■ **ASSIGNED TASK**: What you return must be the lines from the first one below through the one containing "LМаксимальная ширина печати", exactly and with pictures excluded.

BEGIN DATA

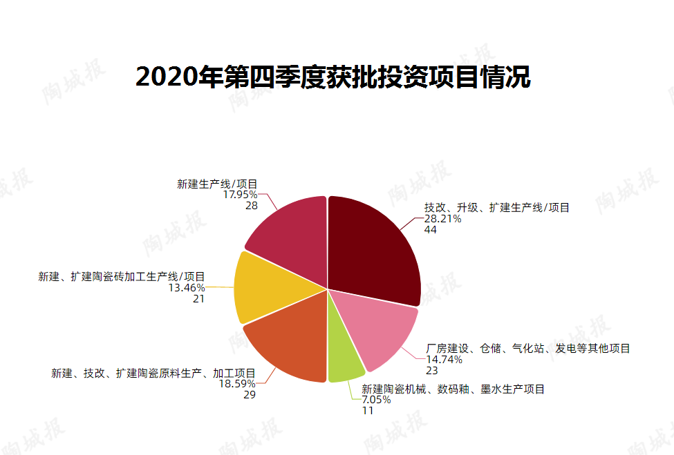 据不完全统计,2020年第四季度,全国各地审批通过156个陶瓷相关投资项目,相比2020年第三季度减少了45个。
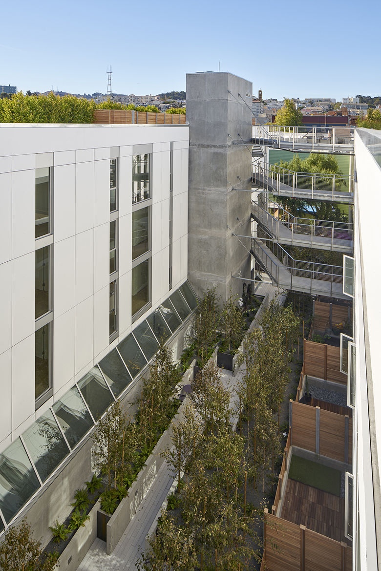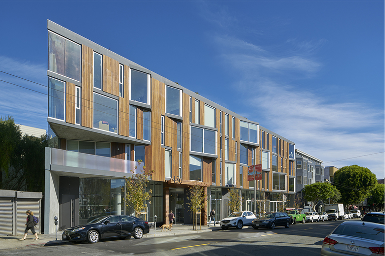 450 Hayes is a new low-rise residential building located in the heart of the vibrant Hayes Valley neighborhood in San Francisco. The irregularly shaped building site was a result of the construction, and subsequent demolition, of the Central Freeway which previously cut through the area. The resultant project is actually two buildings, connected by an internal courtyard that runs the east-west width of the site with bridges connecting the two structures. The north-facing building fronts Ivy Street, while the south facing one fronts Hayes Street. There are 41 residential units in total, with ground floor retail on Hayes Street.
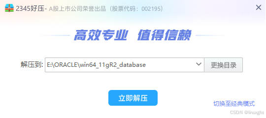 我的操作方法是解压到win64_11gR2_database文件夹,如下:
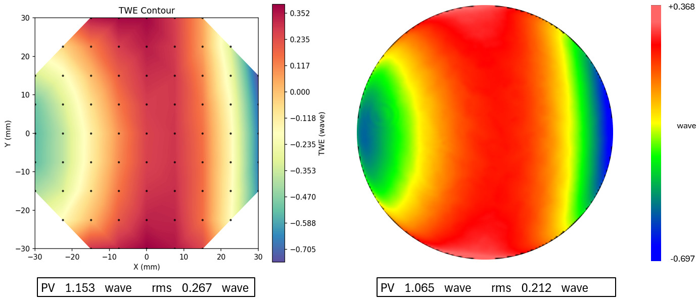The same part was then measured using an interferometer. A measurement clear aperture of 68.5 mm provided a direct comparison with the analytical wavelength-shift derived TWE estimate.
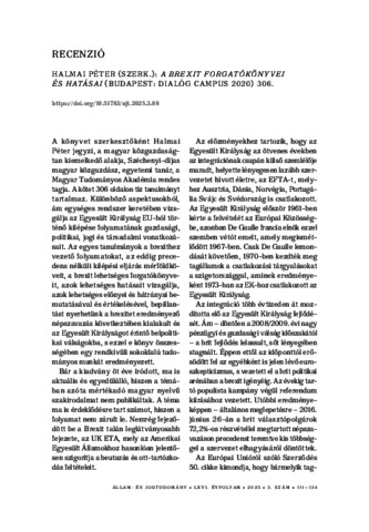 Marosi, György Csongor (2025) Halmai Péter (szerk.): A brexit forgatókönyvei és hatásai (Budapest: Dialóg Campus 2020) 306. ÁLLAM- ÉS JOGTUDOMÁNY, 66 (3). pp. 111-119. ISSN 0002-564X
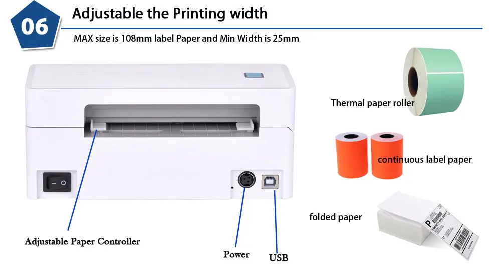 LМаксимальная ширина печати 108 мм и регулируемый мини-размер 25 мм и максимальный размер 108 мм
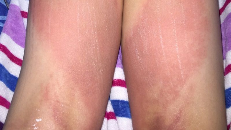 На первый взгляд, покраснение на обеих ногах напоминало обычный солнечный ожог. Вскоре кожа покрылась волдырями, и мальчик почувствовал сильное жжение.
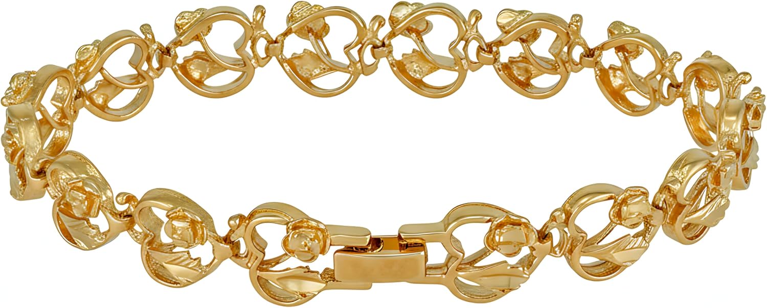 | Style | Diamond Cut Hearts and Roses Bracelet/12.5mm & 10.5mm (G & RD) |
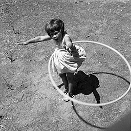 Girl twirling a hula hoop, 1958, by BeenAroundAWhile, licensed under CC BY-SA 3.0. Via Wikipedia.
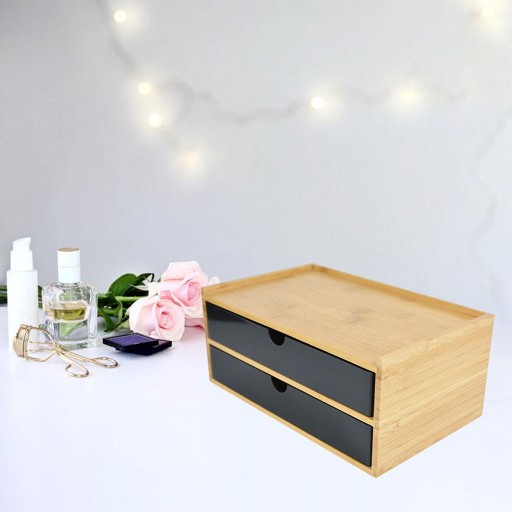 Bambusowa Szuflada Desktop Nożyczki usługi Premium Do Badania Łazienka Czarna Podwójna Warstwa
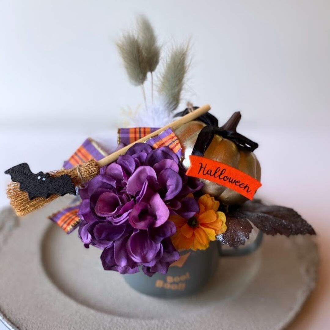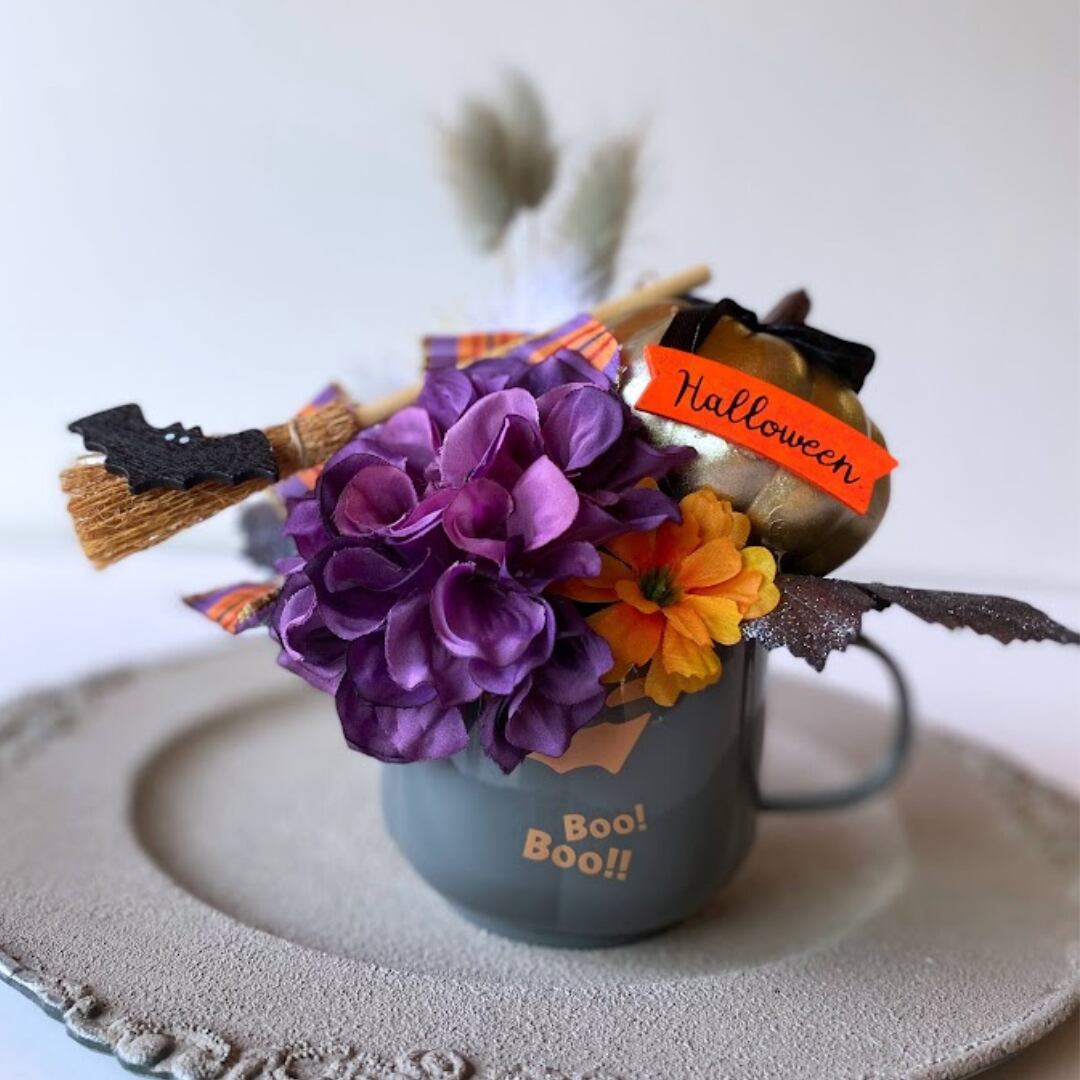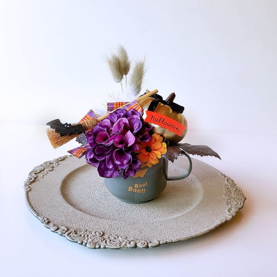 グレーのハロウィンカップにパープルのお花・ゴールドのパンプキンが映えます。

END DATA

■ **TASK RESPONSE**:
 据不完全统计,2020年第四季度,全国各地审批通过156个陶瓷相关投资项目,相比2020年第三季度减少了45个。
 450 Hayes is a new low-rise residential building located in the heart of the vibrant Hayes Valley neighborhood in San Francisco. The irregularly shaped building site was a result of the construction, and subsequent demolition, of the Central Freeway which previously cut through the area. The resultant project is actually two buildings, connected by an internal courtyard that runs the east-west width of the site with bridges connecting the two structures. The north-facing building fronts Ivy Street, while the south facing one fronts Hayes Street. There are 41 residential units in total, with ground floor retail on Hayes Street.
 我的操作方法是解压到win64_11gR2_database文件夹,如下:
The same part was then measured using an interferometer. A measurement clear aperture of 68.5 mm provided a direct comparison with the analytical wavelength-shift derived TWE estimate.
 Marosi, György Csongor (2025) Halmai Péter (szerk.): A brexit forgatókönyvei és hatásai (Budapest: Dialóg Campus 2020) 306. ÁLLAM- ÉS JOGTUDOMÁNY, 66 (3). pp. 111-119. ISSN 0002-564X
 LМаксимальная ширина печати 108 мм и регулируемый мини-размер 25 мм и максимальный размер 108 мм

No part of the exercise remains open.